No significant circularity; standard methods applied to new geometric setup

full rationale

The derivation begins with the choice of a nontrivial connection (an explicit modeling assumption to recover a nontrivial GR limit), then invokes the established minisuperspace reduction and variational symmetries to obtain conservation laws in the vacuum sector. These laws are used to reconstruct analytic solutions, which are subsequently matched to an extremal RN exterior. None of these steps reduces the final result to a fitted parameter, a self-defined quantity, or a load-bearing self-citation; the techniques are independent of the target solutions and the paper remains self-contained against external benchmarks.

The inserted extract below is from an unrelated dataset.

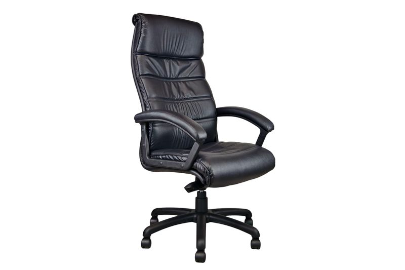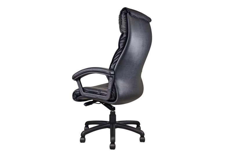 This high-back office chair is upholstered in synthetic leather with delicate stitching for a touch of elegance.
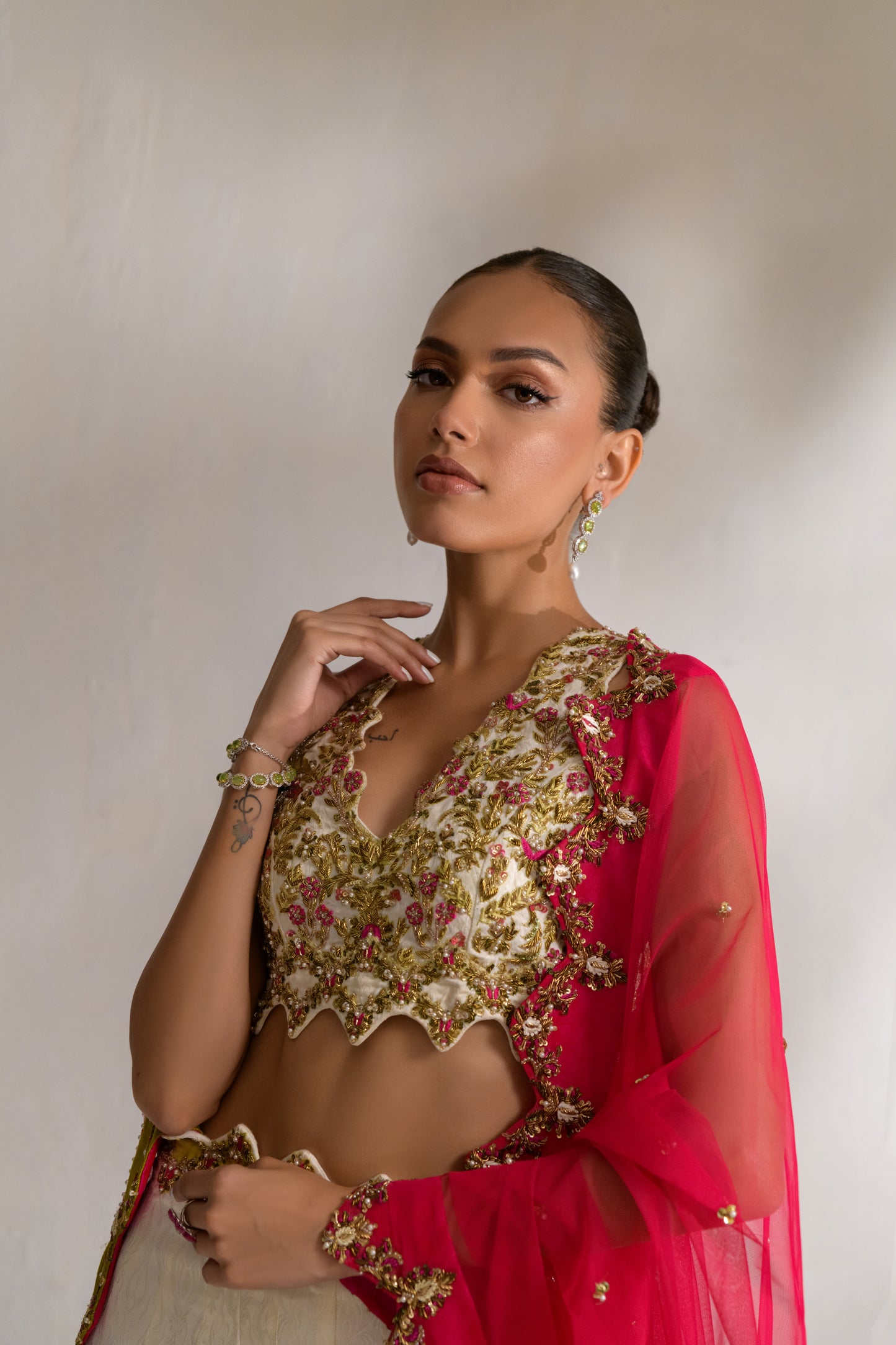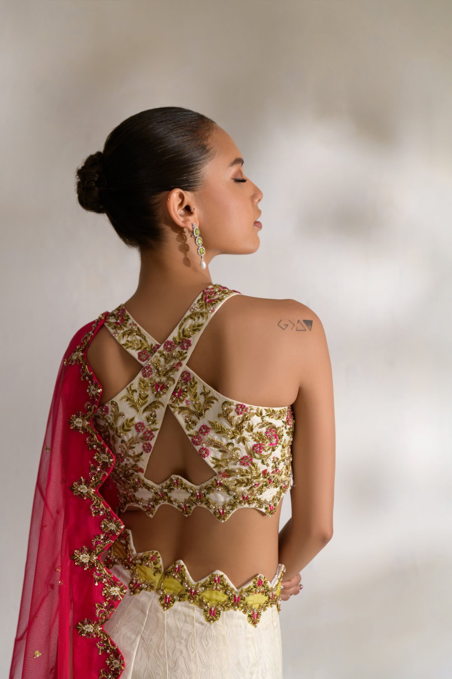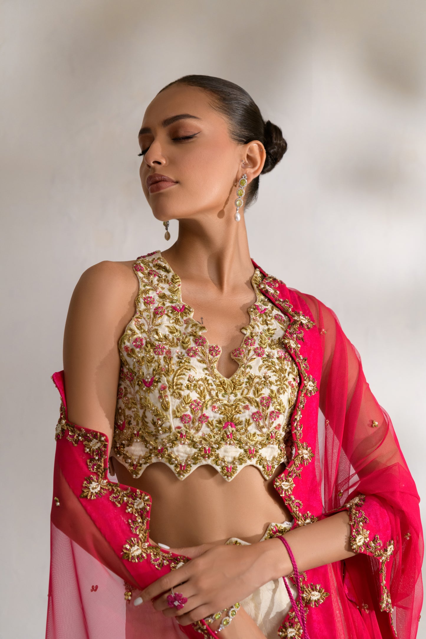 · Intricate floral and golden embroidery on the blouse and lehnga

Axiom & Free-Parameter Ledger

0 free parameters · 2 axioms · 0 invented entities

The central claim rests on the existence of a minisuperspace reduction and the applicability of variational symmetries to generate conservation laws that integrate the vacuum equations; these steps presuppose that the chosen nontrivial connection preserves the necessary symmetries and that the interior solution can be matched smoothly to the extremal Reissner-Nordström exterior without additional constraints.

axioms (2)
  • domain assumption The field equations of symmetric teleparallel scalar-tensor gravity admit a minisuperspace description for static spherically symmetric configurations.
    Invoked when the abstract states that the field equations admit a minisuperspace description and that variational symmetries yield conservation laws.
  • ad hoc to paper A nontrivial connection exists that allows genuinely nontrivial solutions in the general-relativity limit.
    Stated explicitly in the abstract as the choice that enables the constructions.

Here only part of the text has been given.